| COLLECTED MATERIAL |
++++++++++++++++++++

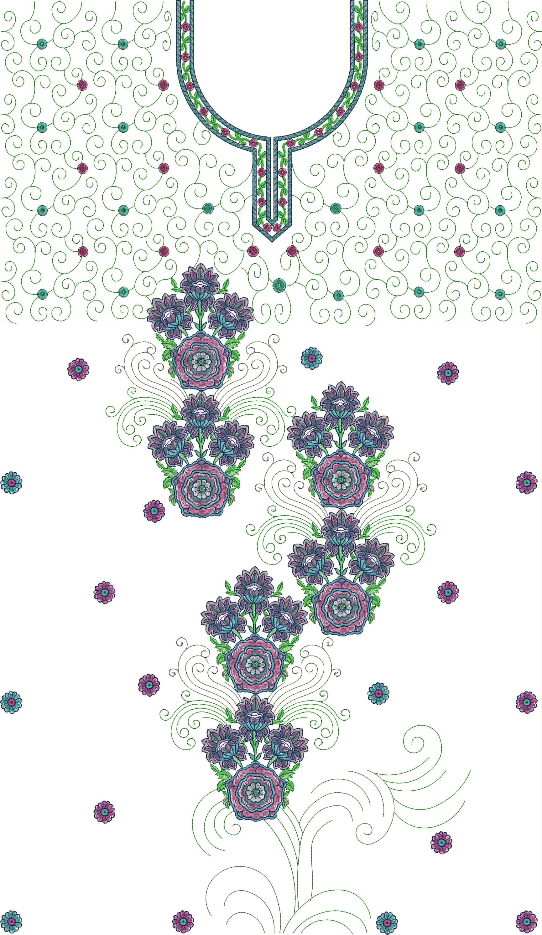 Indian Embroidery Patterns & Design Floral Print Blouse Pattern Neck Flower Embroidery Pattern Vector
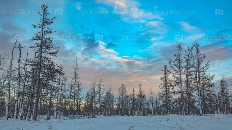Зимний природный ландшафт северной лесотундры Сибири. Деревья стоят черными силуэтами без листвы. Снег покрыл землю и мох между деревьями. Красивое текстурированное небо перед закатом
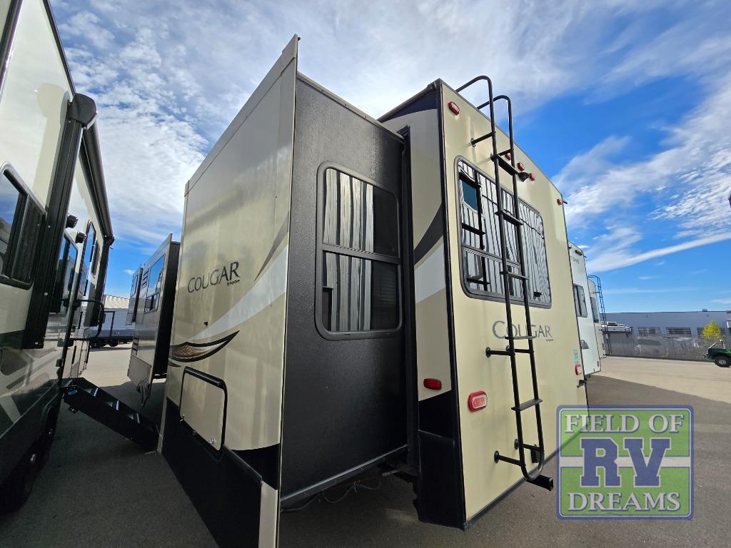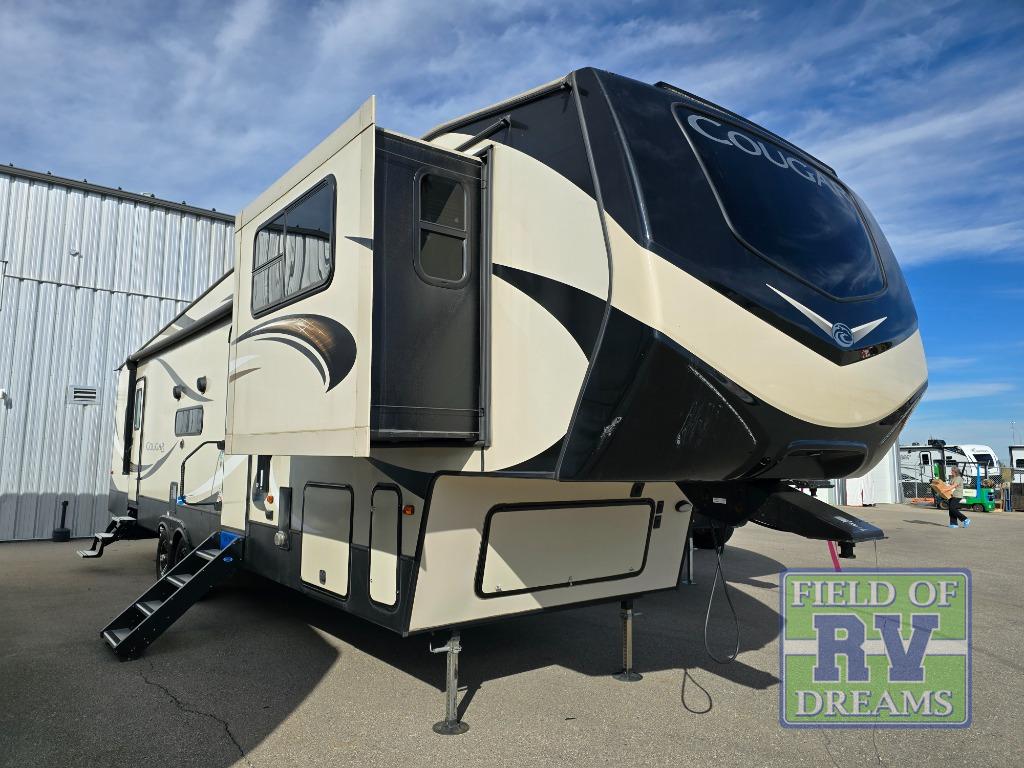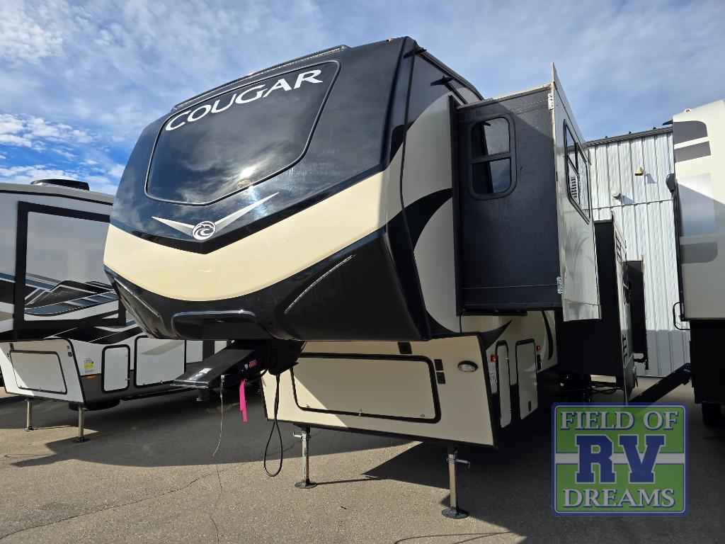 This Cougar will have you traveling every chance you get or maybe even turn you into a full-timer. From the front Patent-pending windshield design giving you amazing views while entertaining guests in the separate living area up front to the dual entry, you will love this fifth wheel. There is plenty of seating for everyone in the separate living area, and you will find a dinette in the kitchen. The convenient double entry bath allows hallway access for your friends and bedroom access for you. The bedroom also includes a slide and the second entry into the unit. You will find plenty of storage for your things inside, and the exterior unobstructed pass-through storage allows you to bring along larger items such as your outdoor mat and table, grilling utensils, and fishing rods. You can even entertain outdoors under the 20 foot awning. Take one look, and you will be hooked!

++++++++++++++++++++

| REQUIRED ACTION |
When you restate the listing above, give each line word for word but leave out every image.

| RESULT OF THIS TASK |
 Indian Embroidery Patterns & Design Floral Print Blouse Pattern Neck Flower Embroidery Pattern Vector
Зимний природный ландшафт северной лесотундры Сибири. Деревья стоят черными силуэтами без листвы. Снег покрыл землю и мох между деревьями. Красивое текстурированное небо перед закатом
 This Cougar will have you traveling every chance you get or maybe even turn you into a full-timer. From the front Patent-pending windshield design giving you amazing views while entertaining guests in the separate living area up front to the dual entry, you will love this fifth wheel. There is plenty of seating for everyone in the separate living area, and you will find a dinette in the kitchen. The convenient double entry bath allows hallway access for your friends and bedroom access for you. The bedroom also includes a slide and the second entry into the unit. You will find plenty of storage for your things inside, and the exterior unobstructed pass-through storage allows you to bring along larger items such as your outdoor mat and table, grilling utensils, and fishing rods. You can even entertain outdoors under the 20 foot awning. Take one look, and you will be hooked!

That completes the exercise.